Endometrial ablation for treatment of heavy menstrual bleeding: For whom it may not work?

Endometrial Ablation (EA) refers to a group of minimally invasive approach that produces irreversible destruction of the endometrium. These procedures provide a satisfactory alternative to hysterectomy when medical treatment is contraindicated or unsatisfactory. While EA has become longstanding in practice, variable failure rates were reported, that seem to relate, in part, to time since intervention. Identification of predictors of long-term outcomes allows better patient selection and lowers the probability of reintervention. This review discusses determinants of EA failure and how to improve patient selection based on available evidence.

Introduction

Heavy Menstrual Bleeding (HMB) is the most prevalent form of abnormal uterine bleeding, a complaint that affects approximately 14% of reproductive aged women and presents both a health and financial burden [1]. For decades, hysterectomy had been the only treatment approach when medical treatment is contraindicated or ineffective. Endometrial ablation (EA) has been introduced as an alternative to radical treatment since late 80’s and early 90’s and has gained substantial popularity as a convenient procedure of less cost and high safety profile. Thereafter, evidence from the literature has supported EA as a second line treatment if medical treatment fails or is contraindicated [2]. Second generation EA devices (also known as global EA) have been well-established in gynecologic care and are offered to all eligible women. Because second generation devices allow office-based treatment under local anaesthesia, EA has become widely acceptable by both patients and health care providers and has become the most common treatment of HMB in the United States [3].
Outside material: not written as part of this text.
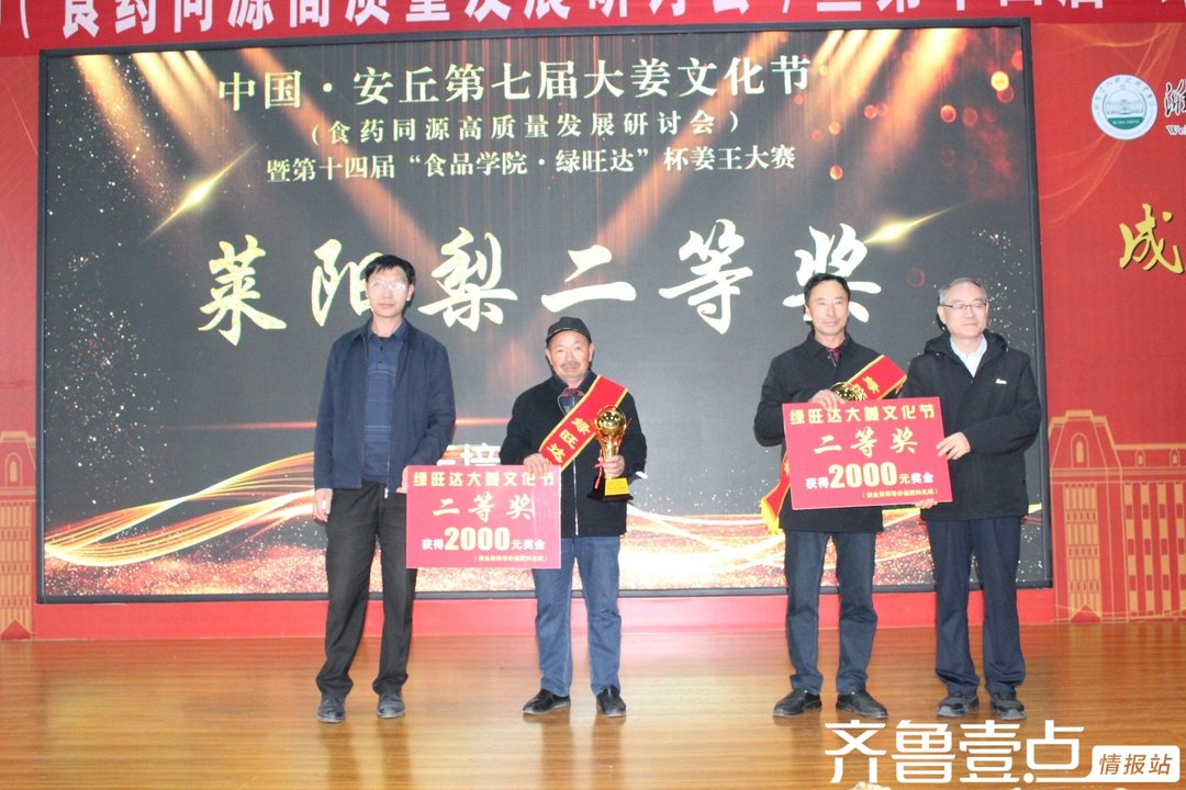 ”本届姜王大赛暨大姜文化节,由潍坊安丘市农业技术推广协会、潍坊食品科技职业学院、潍坊市绿旺达生物肥料科技有限公司联合主办。姜王大赛的大姜测产工作,从去年11月开始筹备,至今整整一年。先后组织农业专家、科技人员1700人(次)深入生姜种植区,历时1个月时间,进行了认真、细致、科学的测产,共测产近7200户,层层筛选出2326户获奖得主。本届大赛,还同步举办了“食药同源高质量发展”科技论坛、合作项目签约以及苹果王、萝卜王、樱桃王及莱阳梨王等项目的颁奖。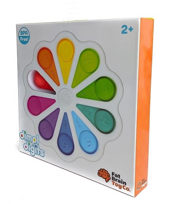 Bąbelki Cyferki Dimpl. Zabawka sensoryczna. Małe paluszki nie będą mogły się oprzeć miękkim, silikonowym bąbelkom w kolorach tęczy. Zabawka o nowoczesnym designie, innowacyjna, kolorowa, stymulująca zmysły dziecka. 10 baniek, umieszczonych w plastikowej ramie, można wciskać i wypychać, przy tym ucząc się cyferek. Każdy bąbelek z jednej strony ma wytłoczone cyferki od 1 do 10 z towarzyszącym mu napisem w języku angielskim, z drugiej strony kropki reprezentujące cyfrę i opis w języku hiszpańskim. Sensoryczna zabawka dla dzieci już od 2 lat, która będzie stymulować, uczyć i bawić malucha. Bąbelki Cyferki Dimpl: Zabawka nagrodzona główną nagrodą Targów Kielce, Kids' Time Star! Sensoryczna zabawka do nauki cyferek w języku angielskim i hiszpańskim. 10 kolorowych silikonowych baniek w kolorach tęczy w plastikowej ramie. Pomaga w rozwoju umiejętności motorycznych, uczenia się cyferek, liczenia. Z jednej strony bańki mają cyferki i opis w języku angielskim, z drugiej liczba kropek i opis w języku hiszpańskim. Przepiękna zabawka o nowoczesnym designie, o której nie można oderwać rąk i wzroku. Bezpieczna zabawka, nie zawiera BPA, plastik najwyższej jakości. Dla dzieci już od 2 lat +.

Although EA provides fewer complications and significantly costs less than hysterectomy [4], treatment failure, defined as recurrence of symptoms that necessitates reintervention, presents a major concern. Treatment failure is time-dependent and accordingly, the incidence of reintervention has been increasingly recognizable while 2-3 decades passed since EA was introduced [5]. Failure of EA reached up to 26% after 8 years of treatment [3]. Because failure of EA doubles treatment burden in terms of morbidity and costs and because EA failure seems to vary widely among reports, identification of determinants of treatment success had become imperative to improve patient selection and counselling [6].

In this review, our objective is to present available evidence on predictors of long-term failure of EA. We also aim to explain the mechanisms by which these predictors may contribute to recurrence and to recommend strategies that could improve treatment outcomes and minimize the need for intervention.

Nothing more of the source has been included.